[T]he moral point of the matter is never reached by calling what happened by the name of ‘genocide’ or by counting the many millions of victims: extermination of whole peoples had happened before in antiquity, as well as in modern colonization. It is reached only when we realize this happened within the frame of a legal order and that the cornerstone of this ‘new law’ consisted of the command ‘Thou shall kill,’ not thy enemy but innocent people who were not even potentially dangerous, and not for any reason of necessity but, on the contrary, even against all military and other utilitarian calculations. … And these deeds were not committed by outlaws, monsters, or raving sadists, but by the most respected members of respectable society.
The newspapers report this morning that the law on minimum sentencing will be extended and also amended to further circumscribe the discretion of judges in handing down sentences in criminal cases.
Some lawyers, academics and, of course, judges object to this legislation because they argue it interferes with the ability of judges to make wise sentencing decisions, based on years of experience and in the light of the specific facts before it. Judges, so the argument goes, must dispense justice to individuals and can best do so if they can rely on their years of experience to do so.
Some also argue that the legislation has the potential to affect the independence of the judiciary because it represents interference by the legislature into what is essentially a judicial function.
I am on the other side of this argument. Often, when judges say they rely on their accumulated wisdom and insight, I fear that they are really relying on their ingrained collective prejudices built up over many years as part of the male dominated legal elite.
For example, many judges (and many more magistrates) have demonstrated a particular lack of insight into the fears and concerns of women in cases dealing with sexual offences and other forms of violence against women.
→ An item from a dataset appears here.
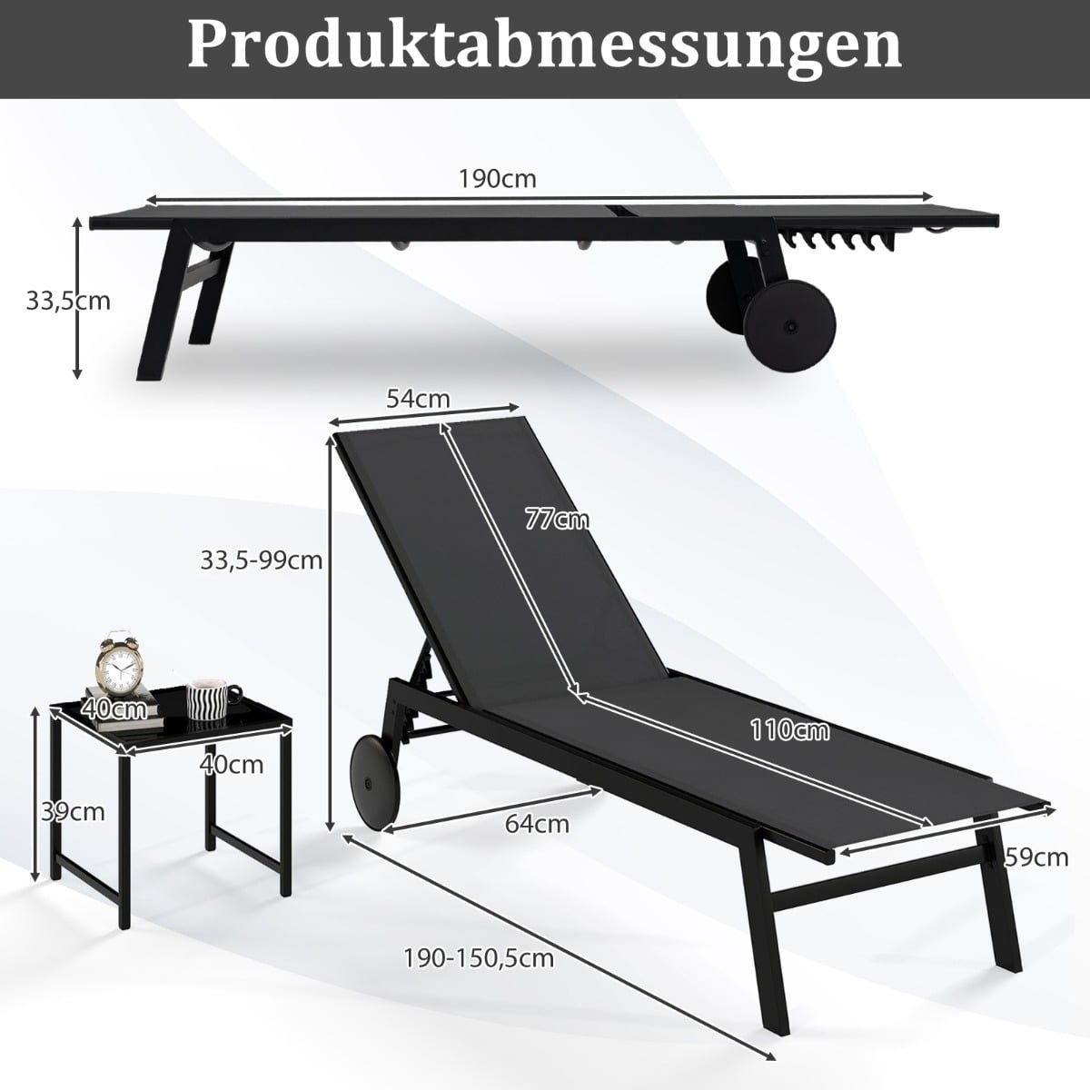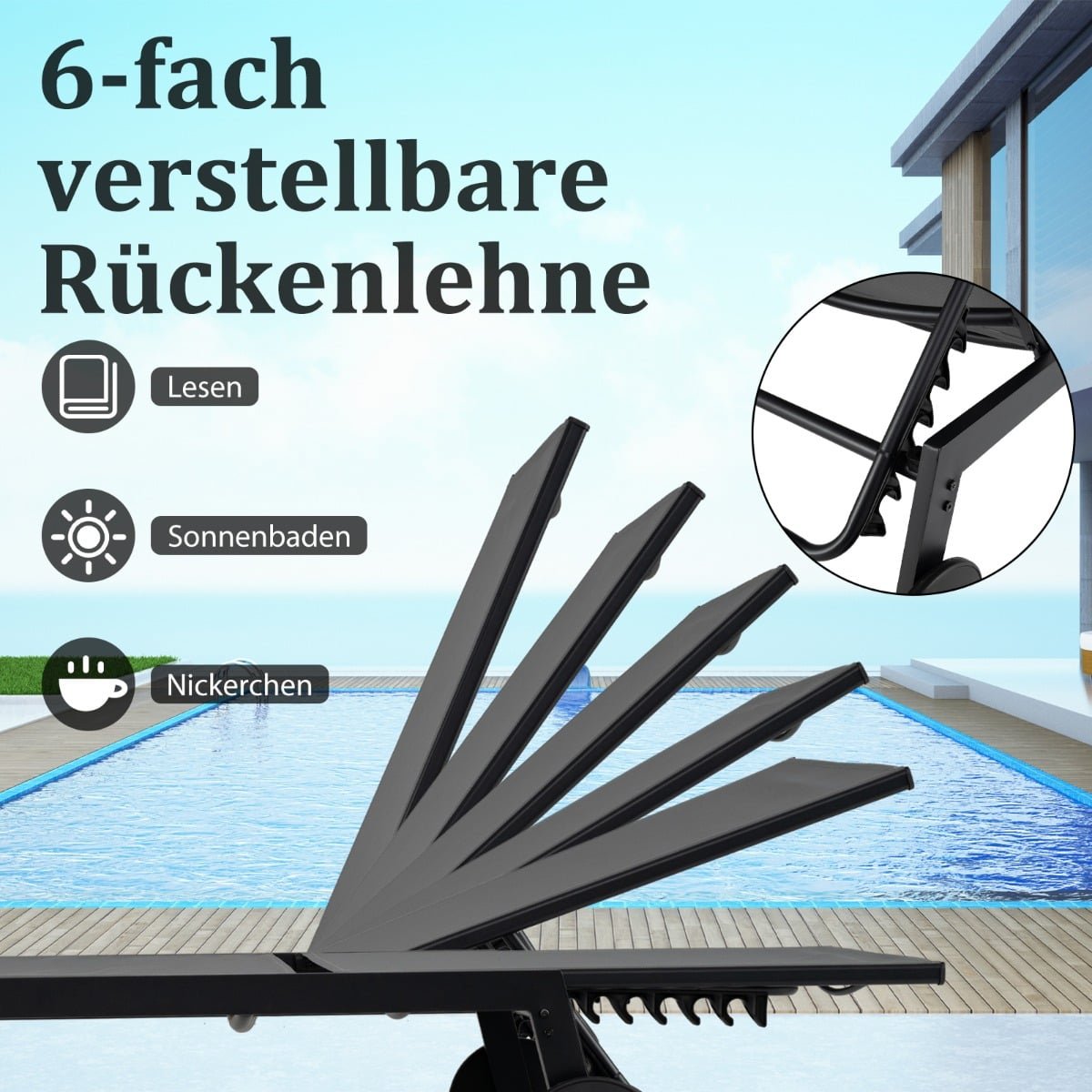 Mėgaukitės atpalaiduojančiomis akimirkomis lauke su mūsų 2 dalių gultų komplektu. Kiekvienas iš šio komplekto gultų turi šešių padėčių reguliuojamą atlošą, leidžiantį visada pasirinkti tobulą kampą – nesvarbu, ar mėgaujatės saule, ar skaitote prie baseino. Kvėpuojantis ir greitai džiūstantis audinys užtikrina puikią oro cirkuliaciją bei komfortą karštomis dienomis, o sklandžiai riedantys ratukai leidžia jį be vargo perkelti ten, kur reikia.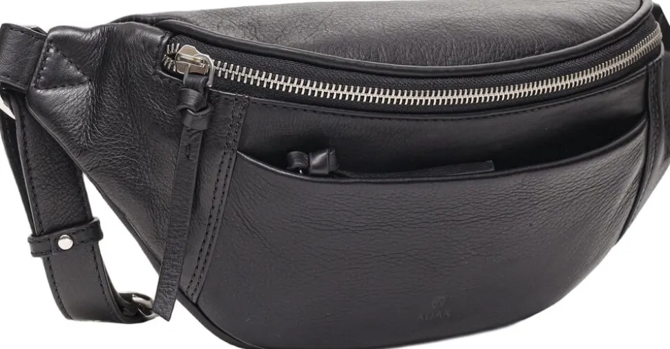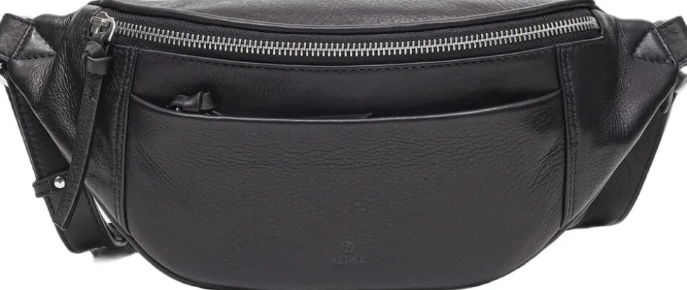 Fenja bumbag i Vittoria skind fra Adax. Rummelig bumbag med regulerbar rem. Tasken har en lynlåslomme både på fronten og på bagsiden. Indvendig består tasken af et åbent rumt samt en lynlåslomme. Der medfølger en tote bag og en garantifolder som kan bruges som kortholder. Tasken plejes med Adax Balsam eller Adax Protection spray.

The kind of utterances made by the Judge in the Jacob Zuma rape trial did not seem to express a deep understanding of the world of poor black women.
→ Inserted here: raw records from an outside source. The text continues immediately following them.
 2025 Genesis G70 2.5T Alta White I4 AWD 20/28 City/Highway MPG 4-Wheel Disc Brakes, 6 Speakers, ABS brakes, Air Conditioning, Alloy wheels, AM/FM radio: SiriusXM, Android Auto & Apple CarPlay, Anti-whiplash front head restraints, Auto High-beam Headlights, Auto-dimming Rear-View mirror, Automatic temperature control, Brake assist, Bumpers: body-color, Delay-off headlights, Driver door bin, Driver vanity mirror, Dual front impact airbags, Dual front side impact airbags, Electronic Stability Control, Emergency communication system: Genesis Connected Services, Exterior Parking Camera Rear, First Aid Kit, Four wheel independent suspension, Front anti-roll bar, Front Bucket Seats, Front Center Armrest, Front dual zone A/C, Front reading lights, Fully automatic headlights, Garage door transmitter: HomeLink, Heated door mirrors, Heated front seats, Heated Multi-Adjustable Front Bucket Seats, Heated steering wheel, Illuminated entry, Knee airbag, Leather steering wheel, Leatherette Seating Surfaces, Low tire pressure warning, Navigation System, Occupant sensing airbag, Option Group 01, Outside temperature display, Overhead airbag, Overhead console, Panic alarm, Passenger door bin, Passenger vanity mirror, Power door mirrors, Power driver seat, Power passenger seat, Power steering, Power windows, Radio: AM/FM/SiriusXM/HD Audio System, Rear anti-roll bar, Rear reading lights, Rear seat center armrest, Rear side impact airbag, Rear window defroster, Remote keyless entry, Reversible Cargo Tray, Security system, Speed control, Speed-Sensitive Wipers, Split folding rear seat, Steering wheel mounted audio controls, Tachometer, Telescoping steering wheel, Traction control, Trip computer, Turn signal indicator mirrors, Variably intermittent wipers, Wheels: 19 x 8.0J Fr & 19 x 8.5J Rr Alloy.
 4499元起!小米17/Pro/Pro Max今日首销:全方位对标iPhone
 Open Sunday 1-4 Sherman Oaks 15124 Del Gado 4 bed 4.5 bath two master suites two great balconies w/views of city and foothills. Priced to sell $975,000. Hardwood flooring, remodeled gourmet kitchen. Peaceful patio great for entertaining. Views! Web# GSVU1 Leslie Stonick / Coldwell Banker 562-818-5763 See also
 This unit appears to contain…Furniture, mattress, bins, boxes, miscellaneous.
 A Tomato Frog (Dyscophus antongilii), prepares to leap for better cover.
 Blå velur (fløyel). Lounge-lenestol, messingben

Minimum sentencing is a blunt instrument to begin to address this problem. It should, ideally, go hand in hand with judicial training to shock judges out of the self-satisfying complacency under which some of them languish. But some judges – usually those most in need of training – are not very enthusiastic about having their assumptions and prejudices challenged.
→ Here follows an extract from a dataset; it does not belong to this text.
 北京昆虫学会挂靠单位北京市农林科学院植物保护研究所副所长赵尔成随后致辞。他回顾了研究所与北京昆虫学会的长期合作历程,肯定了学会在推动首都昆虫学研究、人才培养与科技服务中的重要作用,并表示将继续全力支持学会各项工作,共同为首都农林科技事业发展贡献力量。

What minimum sentencing laws should not be used for, is as window dressing to try and keep the fearful public happy. Often such laws are deployed by politicians who do not know how else to signal to voters that they take crime seriously. That can only lead to unnecessary high prison populations and injustice.
Of course there is a broader need for sentencing guidelines for magistrates and judges to try and get some more consistency into the system. But that is such a hot potato that even Johnny de Lange, the Minister – I mean Deputy Minister – of Justice has not yet tackled it.